**Work instruction**
Below are some records; give them all again exactly, but not the pictures.

**Task data**

━━━━━━━━━━

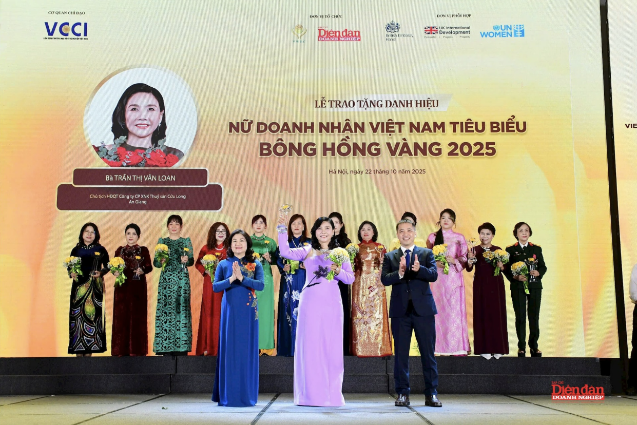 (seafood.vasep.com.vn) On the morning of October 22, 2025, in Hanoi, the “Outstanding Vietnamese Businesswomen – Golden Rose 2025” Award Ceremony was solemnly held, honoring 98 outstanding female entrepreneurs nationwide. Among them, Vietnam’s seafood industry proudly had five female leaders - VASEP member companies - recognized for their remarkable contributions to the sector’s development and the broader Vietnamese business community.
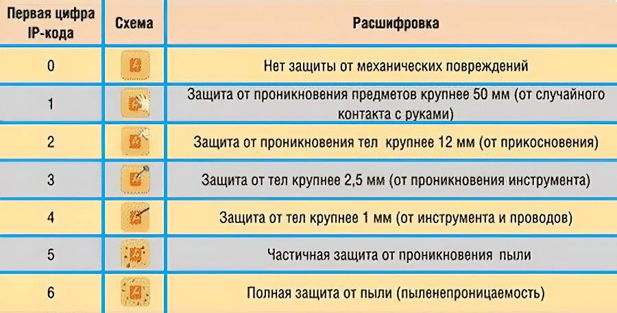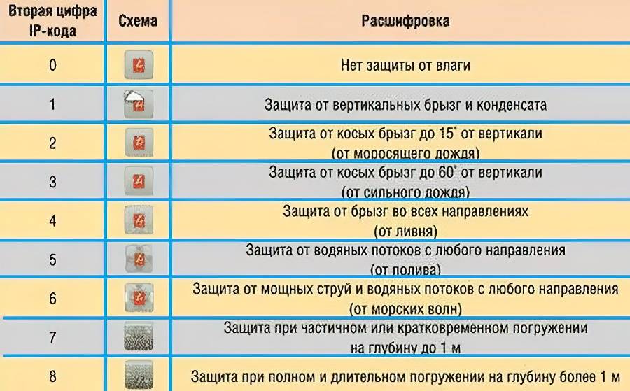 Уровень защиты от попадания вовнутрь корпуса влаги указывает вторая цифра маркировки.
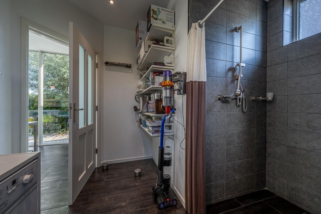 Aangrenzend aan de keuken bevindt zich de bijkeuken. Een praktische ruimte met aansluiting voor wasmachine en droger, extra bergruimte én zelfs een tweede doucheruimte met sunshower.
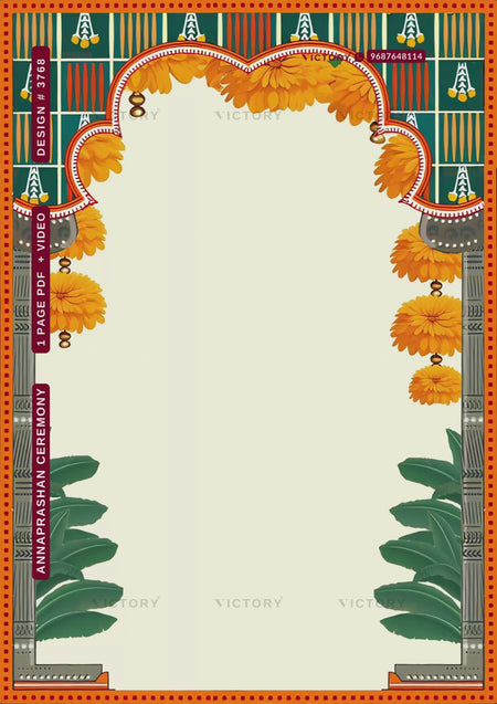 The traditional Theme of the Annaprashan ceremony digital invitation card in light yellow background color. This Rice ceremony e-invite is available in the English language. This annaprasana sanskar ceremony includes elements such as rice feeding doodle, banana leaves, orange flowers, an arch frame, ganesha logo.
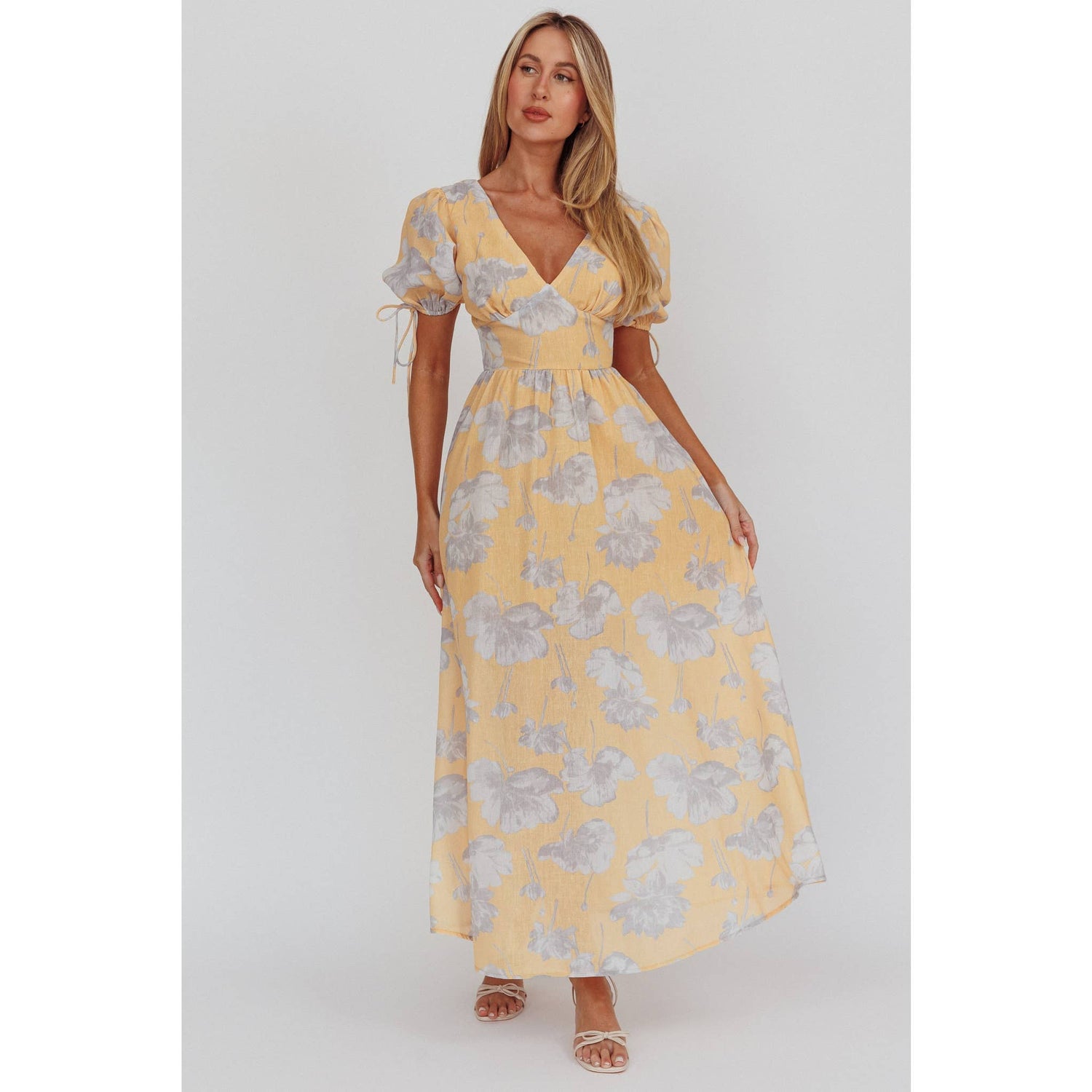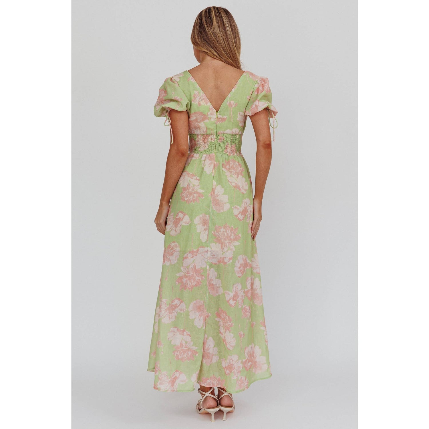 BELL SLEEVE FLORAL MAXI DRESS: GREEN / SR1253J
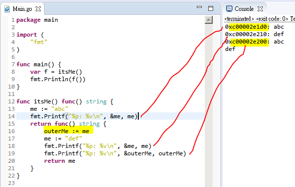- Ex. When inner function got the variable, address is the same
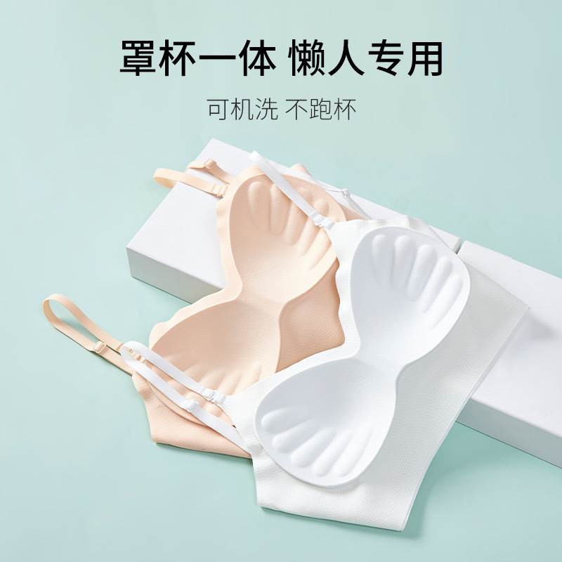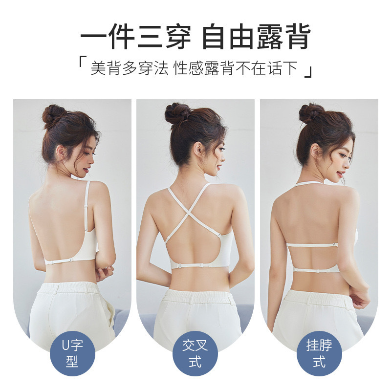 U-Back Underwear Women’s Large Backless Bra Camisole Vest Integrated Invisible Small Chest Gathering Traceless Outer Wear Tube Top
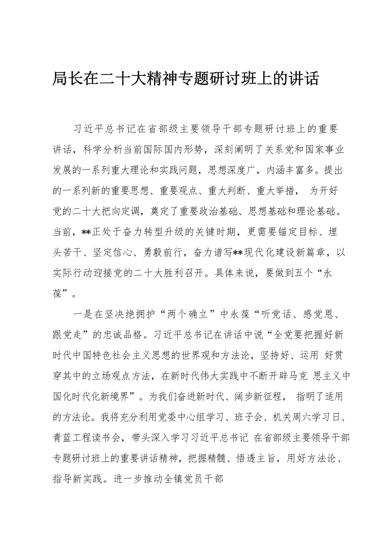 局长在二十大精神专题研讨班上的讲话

━━━━━━━━━━

**Output of the exercise**
 (seafood.vasep.com.vn) On the morning of October 22, 2025, in Hanoi, the “Outstanding Vietnamese Businesswomen – Golden Rose 2025” Award Ceremony was solemnly held, honoring 98 outstanding female entrepreneurs nationwide. Among them, Vietnam’s seafood industry proudly had five female leaders - VASEP member companies - recognized for their remarkable contributions to the sector’s development and the broader Vietnamese business community.
 Уровень защиты от попадания вовнутрь корпуса влаги указывает вторая цифра маркировки.
 Aangrenzend aan de keuken bevindt zich de bijkeuken. Een praktische ruimte met aansluiting voor wasmachine en droger, extra bergruimte én zelfs een tweede doucheruimte met sunshower.
 The traditional Theme of the Annaprashan ceremony digital invitation card in light yellow background color. This Rice ceremony e-invite is available in the English language. This annaprasana sanskar ceremony includes elements such as rice feeding doodle, banana leaves, orange flowers, an arch frame, ganesha logo.
 BELL SLEEVE FLORAL MAXI DRESS: GREEN / SR1253J
- Ex. When inner function got the variable, address is the same
 U-Back Underwear Women’s Large Backless Bra Camisole Vest Integrated Invisible Small Chest Gathering Traceless Outer Wear Tube Top
 局长在二十大精神专题研讨班上的讲话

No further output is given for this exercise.